Replace model_path on the right.
b. Save the setting of the cycle
Some repositories have been updated, and the save parameters of how many generations are added. You can directly modify save_period. In this article, we set save_period to 4, that is, save every 4 generations.
Warehouses that have not been updated can only be saved in each generation. Remember to go to the Google cloud disk to delete them occasionally .
3. Start training
At this point in the notebook enter:
!python train.py
to start training.
What should I do if the line is disconnected?
1. Anti-dropping measures
I heard that you can reduce the frequency of dropped calls by automatically clicking.
Press F12 in Google colab, click the console of the web page, and paste the following code:
function ConnectButton(){
console.log("Connect pushed");
document.querySelector("#top-toolbar > colab-connect-button").shadowRoot.querySelector("#connect").click()
}
setInterval(ConnectButton,60000);
2. Is it over or disconnected?
There is no way, cheap things must have its disadvantages.
Follow the steps again, and then set the pre-training weights to the trained weights file in the logs folder.
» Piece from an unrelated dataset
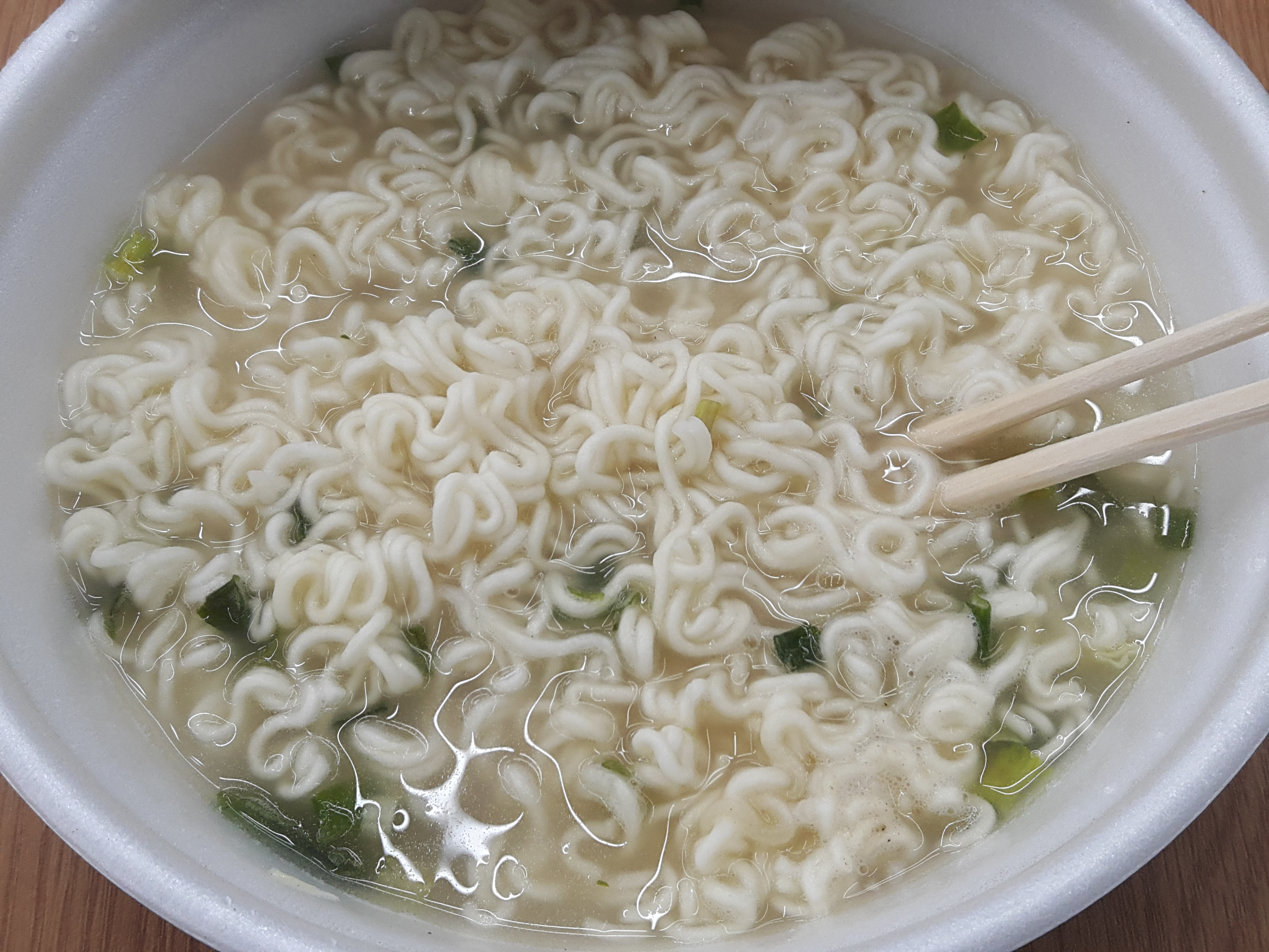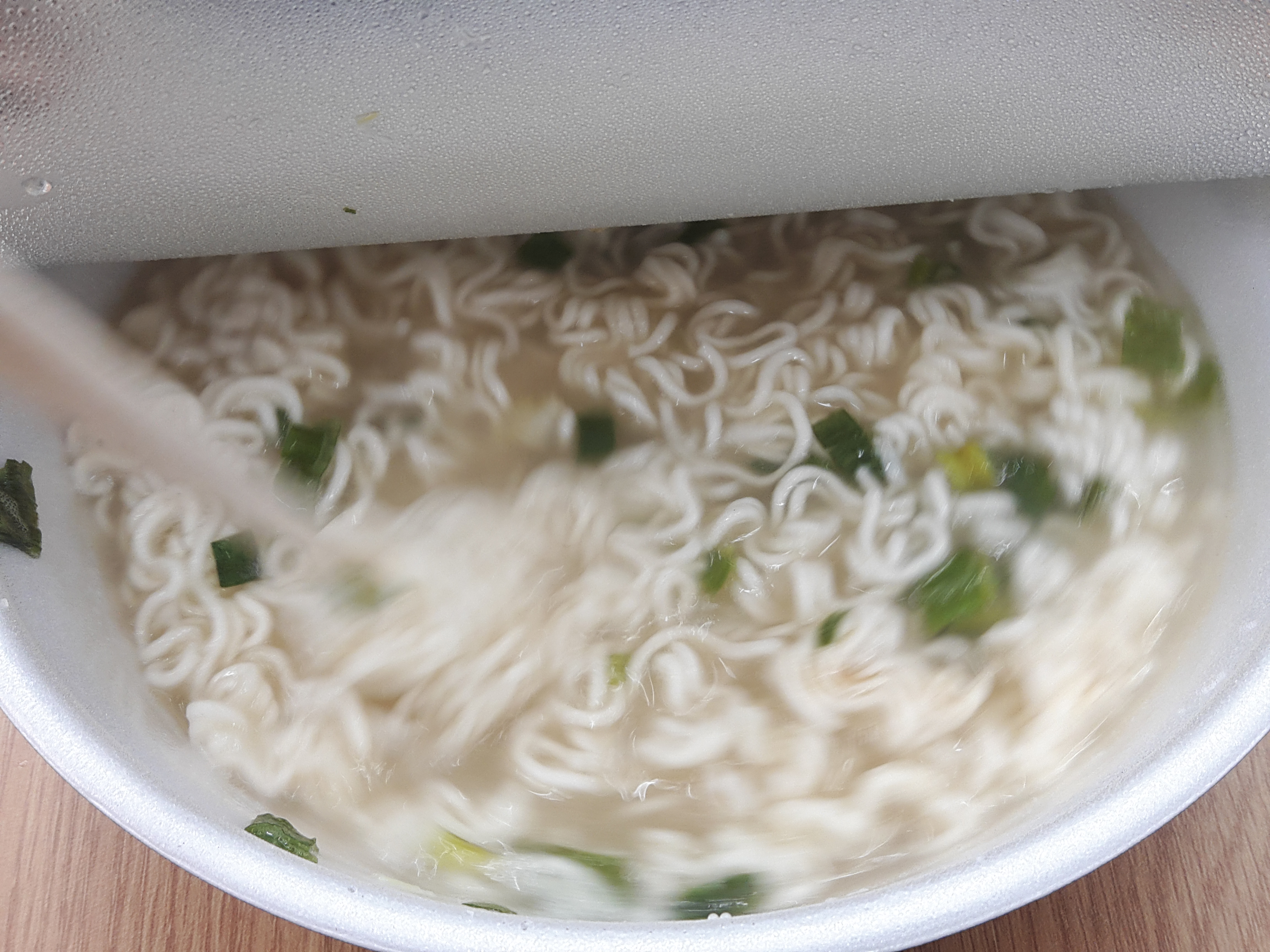 스프가 잘 섞이도록 중간에 한번 휙휙 젓가락으로 저어줍니다.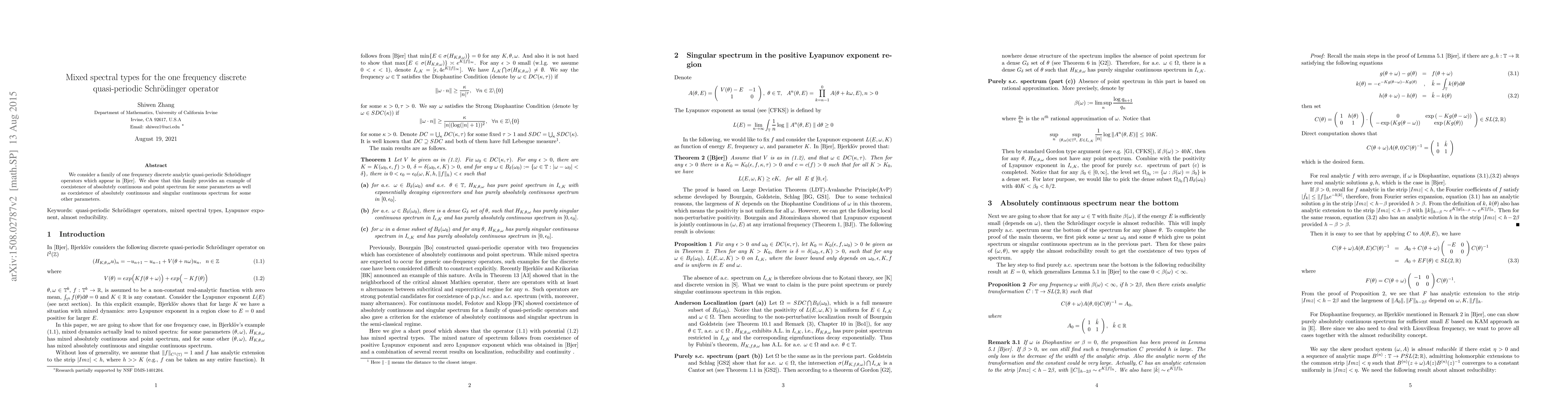 We consider a family of one frequency discrete analytic quasi-periodic Schr\"odinger operators which appear in [Bjer]. We show that this family provides an example of coexistence of absolutely continuous and point spectrum for some parameters as well as coexistence of absolutely continuous and singular continuous spectrum for some other parameters.

In addition, parameters such as Init_epoch also need to be adjusted.
Summarize
The most important thing in using Colab training is to deal with the relationship between the paths, find which file is where, and where is the execution directory of the folder, you can simply run the program, but Colab does have a disconnection problem, we need to keep it at all times file, so I save the weights directly on the cloud disk so that they won't be lost.